> **What you should do**: A word-for-word copy of the lines from the one holding "Cushion Cut 1" through the final line of the records below is the only output asked for.

---------- Record excerpts ----------

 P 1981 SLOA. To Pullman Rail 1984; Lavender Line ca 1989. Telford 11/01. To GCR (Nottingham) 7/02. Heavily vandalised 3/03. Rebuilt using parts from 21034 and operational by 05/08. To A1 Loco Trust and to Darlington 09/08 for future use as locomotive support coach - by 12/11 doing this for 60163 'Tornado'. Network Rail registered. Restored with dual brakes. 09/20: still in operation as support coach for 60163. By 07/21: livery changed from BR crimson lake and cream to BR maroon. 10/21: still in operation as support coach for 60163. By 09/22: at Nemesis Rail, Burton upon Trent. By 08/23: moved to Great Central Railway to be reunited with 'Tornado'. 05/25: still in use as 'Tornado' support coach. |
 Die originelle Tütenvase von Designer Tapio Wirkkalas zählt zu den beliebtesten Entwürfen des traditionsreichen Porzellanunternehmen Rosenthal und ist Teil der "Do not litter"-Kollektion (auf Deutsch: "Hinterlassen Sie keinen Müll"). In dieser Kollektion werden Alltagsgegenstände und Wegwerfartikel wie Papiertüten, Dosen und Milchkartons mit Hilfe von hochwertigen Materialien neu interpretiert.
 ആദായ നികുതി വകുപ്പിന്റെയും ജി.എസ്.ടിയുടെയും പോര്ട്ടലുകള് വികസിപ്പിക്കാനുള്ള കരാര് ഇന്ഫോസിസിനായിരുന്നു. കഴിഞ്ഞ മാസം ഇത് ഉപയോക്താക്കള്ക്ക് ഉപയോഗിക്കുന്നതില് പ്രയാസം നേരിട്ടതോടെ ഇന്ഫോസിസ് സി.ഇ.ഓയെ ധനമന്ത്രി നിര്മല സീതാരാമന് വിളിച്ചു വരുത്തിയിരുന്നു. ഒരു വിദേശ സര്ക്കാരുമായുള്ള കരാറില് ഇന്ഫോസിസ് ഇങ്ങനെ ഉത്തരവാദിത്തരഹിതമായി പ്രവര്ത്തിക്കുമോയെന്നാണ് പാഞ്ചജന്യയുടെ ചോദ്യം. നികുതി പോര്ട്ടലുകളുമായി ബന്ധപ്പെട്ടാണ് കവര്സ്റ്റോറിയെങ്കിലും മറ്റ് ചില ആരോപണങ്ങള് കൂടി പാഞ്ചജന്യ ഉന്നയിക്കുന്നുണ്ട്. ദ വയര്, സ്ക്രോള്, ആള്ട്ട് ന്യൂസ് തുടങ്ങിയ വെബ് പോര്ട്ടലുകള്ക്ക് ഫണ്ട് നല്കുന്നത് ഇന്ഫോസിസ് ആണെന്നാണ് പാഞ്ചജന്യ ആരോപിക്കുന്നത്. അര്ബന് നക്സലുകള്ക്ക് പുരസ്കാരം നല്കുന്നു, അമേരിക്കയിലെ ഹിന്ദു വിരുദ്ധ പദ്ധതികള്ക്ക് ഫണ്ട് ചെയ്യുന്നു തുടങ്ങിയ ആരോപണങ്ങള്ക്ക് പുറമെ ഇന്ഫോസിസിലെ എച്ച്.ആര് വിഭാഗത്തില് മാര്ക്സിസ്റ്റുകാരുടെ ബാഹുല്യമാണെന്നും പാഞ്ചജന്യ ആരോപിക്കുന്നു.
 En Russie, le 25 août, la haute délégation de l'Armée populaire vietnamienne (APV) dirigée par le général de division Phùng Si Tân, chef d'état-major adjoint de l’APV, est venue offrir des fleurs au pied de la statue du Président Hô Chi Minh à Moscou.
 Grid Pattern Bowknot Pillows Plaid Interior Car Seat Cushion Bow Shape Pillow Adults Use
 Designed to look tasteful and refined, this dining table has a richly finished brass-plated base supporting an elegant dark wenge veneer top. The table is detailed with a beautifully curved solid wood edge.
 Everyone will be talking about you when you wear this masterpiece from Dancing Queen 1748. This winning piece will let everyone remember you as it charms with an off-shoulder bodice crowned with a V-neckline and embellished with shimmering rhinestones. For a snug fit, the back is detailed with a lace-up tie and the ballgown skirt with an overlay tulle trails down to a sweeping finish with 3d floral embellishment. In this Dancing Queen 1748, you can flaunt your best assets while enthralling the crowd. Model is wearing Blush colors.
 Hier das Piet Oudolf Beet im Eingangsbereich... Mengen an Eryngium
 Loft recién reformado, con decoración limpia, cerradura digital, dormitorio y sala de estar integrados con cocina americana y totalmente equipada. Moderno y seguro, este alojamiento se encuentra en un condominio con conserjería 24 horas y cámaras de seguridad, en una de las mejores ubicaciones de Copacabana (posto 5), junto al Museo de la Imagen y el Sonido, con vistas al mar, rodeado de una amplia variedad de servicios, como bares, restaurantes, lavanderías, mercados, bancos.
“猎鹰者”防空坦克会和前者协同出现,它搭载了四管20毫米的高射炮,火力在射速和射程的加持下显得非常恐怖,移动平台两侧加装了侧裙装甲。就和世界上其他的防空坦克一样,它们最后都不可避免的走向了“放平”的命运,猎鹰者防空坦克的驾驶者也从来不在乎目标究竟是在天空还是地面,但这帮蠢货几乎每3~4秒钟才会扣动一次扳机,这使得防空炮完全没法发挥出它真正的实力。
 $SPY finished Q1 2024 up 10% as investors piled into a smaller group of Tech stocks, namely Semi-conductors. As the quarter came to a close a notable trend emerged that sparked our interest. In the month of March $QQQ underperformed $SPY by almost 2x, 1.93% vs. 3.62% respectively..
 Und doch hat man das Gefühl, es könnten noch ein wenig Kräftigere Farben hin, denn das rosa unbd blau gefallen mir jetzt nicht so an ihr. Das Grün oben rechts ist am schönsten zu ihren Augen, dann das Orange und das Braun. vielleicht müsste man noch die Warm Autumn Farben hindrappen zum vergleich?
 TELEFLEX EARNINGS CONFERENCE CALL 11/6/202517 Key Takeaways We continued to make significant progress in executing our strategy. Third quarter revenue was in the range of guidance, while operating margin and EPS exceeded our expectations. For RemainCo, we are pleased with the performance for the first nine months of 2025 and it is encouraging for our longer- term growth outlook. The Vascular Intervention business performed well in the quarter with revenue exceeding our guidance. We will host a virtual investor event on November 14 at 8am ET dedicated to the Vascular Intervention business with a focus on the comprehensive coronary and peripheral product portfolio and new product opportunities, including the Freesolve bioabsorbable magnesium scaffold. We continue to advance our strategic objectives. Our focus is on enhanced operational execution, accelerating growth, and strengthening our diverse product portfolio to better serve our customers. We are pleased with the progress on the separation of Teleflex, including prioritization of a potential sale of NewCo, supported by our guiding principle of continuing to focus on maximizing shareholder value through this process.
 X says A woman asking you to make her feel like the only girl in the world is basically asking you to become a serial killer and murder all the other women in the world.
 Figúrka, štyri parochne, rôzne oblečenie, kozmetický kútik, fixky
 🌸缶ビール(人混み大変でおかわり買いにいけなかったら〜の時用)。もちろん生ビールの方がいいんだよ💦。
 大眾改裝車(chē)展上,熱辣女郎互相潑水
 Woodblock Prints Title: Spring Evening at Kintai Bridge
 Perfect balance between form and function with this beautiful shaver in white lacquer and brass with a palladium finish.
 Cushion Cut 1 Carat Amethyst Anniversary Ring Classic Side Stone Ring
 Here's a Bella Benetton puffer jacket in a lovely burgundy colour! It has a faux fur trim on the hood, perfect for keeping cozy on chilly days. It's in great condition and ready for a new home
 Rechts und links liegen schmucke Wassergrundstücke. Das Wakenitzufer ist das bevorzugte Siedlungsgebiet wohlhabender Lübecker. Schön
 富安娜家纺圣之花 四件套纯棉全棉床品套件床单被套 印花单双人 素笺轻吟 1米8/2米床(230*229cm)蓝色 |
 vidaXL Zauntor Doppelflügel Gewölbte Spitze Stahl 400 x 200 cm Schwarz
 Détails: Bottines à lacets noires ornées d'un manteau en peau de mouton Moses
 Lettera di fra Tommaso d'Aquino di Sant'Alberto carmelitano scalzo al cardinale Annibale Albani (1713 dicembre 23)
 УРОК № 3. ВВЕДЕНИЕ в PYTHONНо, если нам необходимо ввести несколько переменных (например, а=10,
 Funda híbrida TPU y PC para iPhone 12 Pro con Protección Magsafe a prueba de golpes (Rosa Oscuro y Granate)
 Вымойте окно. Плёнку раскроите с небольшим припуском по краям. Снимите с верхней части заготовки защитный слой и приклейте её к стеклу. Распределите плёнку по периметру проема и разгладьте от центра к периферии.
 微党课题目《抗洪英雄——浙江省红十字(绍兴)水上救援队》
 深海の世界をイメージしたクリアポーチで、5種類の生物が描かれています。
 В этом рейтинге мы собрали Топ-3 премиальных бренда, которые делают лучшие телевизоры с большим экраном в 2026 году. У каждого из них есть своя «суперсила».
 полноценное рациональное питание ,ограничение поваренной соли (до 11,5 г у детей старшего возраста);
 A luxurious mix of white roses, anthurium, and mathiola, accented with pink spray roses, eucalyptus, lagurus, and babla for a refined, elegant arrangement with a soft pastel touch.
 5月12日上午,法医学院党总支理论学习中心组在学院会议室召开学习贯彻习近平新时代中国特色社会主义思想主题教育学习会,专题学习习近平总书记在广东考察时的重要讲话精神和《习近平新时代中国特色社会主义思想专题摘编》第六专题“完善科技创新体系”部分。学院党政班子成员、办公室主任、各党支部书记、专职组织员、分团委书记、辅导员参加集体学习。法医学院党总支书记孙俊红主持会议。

----------

> **Answer to the problem**:
 Cushion Cut 1 Carat Amethyst Anniversary Ring Classic Side Stone Ring
 Here's a Bella Benetton puffer jacket in a lovely burgundy colour! It has a faux fur trim on the hood, perfect for keeping cozy on chilly days. It's in great condition and ready for a new home
 Rechts und links liegen schmucke Wassergrundstücke. Das Wakenitzufer ist das bevorzugte Siedlungsgebiet wohlhabender Lübecker. Schön
 富安娜家纺圣之花 四件套纯棉全棉床品套件床单被套 印花单双人 素笺轻吟 1米8/2米床(230*229cm)蓝色 |
 vidaXL Zauntor Doppelflügel Gewölbte Spitze Stahl 400 x 200 cm Schwarz
 Détails: Bottines à lacets noires ornées d'un manteau en peau de mouton Moses
 Lettera di fra Tommaso d'Aquino di Sant'Alberto carmelitano scalzo al cardinale Annibale Albani (1713 dicembre 23)
 УРОК № 3. ВВЕДЕНИЕ в PYTHONНо, если нам необходимо ввести несколько переменных (например, а=10,
 Funda híbrida TPU y PC para iPhone 12 Pro con Protección Magsafe a prueba de golpes (Rosa Oscuro y Granate)
 Вымойте окно. Плёнку раскроите с небольшим припуском по краям. Снимите с верхней части заготовки защитный слой и приклейте её к стеклу. Распределите плёнку по периметру проема и разгладьте от центра к периферии.
 微党课题目《抗洪英雄——浙江省红十字(绍兴)水上救援队》
 深海の世界をイメージしたクリアポーチで、5種類の生物が描かれています。
 В этом рейтинге мы собрали Топ-3 премиальных бренда, которые делают лучшие телевизоры с большим экраном в 2026 году. У каждого из них есть своя «суперсила».
 полноценное рациональное питание ,ограничение поваренной соли (до 11,5 г у детей старшего возраста);
 A luxurious mix of white roses, anthurium, and mathiola, accented with pink spray roses, eucalyptus, lagurus, and babla for a refined, elegant arrangement with a soft pastel touch.
 5月12日上午,法医学院党总支理论学习中心组在学院会议室召开学习贯彻习近平新时代中国特色社会主义思想主题教育学习会,专题学习习近平总书记在广东考察时的重要讲话精神和《习近平新时代中国特色社会主义思想专题摘编》第六专题“完善科技创新体系”部分。学院党政班子成员、办公室主任、各党支部书记、专职组织员、分团委书记、辅导员参加集体学习。法医学院党总支书记孙俊红主持会议。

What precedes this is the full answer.